The most recent campaign of Israeli air strikes in Syria began in 2013, when Hezbollah stepped up the movement of equipment into the country, including long range missiles to bolster its vast arsenal of weapons on the Lebanese border.

As President Bashar Al Assad's government floundered amid an increasingly powerful rebellion, Iran and its allies stepped up assistance to the Syrian regime, with Tehran seeing an opportunity to entrench itself in Syria and potentially, open up a new rocket front along the Syrian-Israeli border.

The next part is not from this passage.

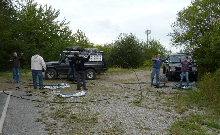 Einige Wochen später war das Team dann komplett. Auf einem ersten Orgatreffen lernten wir uns kennen und machten uns mit unseren Aufgaben vertraut. Strecken wurden vorgestellt, organisatorisches besprochen, das Equipment vorgestellt und der Umgang geübt. Bei einem zweiten Orgatreffen wurde dann auch noch alles ausprobiert: ein kleiner GPS Kurs wurde abgefahren und der Umgang mit den GPS Trackern geübt, Zelte wurden aufgebaut, die Autos wurden durchs Gelände bewegt usw.

The purpose of this second front was to complement Hezbollah's positions in southern Lebanon, which bristle with an estimated 100,000 rockets.

"Israel's concern is that its border with Syria does not turn into a Lebanon 2.0," said Mr Truzman.

"The Palestinian factions in Gaza on its southern border and Hezbollah on its northern border has kept Israel in a state of conflict for decades. They don't want a third front," he said.

As the risk of a three front war grew, the Israeli air campaign soon escalated, at times killing Iranian military advisors, members of Hezbollah and pro-Iran Iraqi militias.

According to Mr Truzman, the pattern of sporadic attacks and Israeli counterstrikes will not diminish any time soon.

"Iran and its proxies have so far not been deterred from continuing to operate in southern Syria against Israel," he said.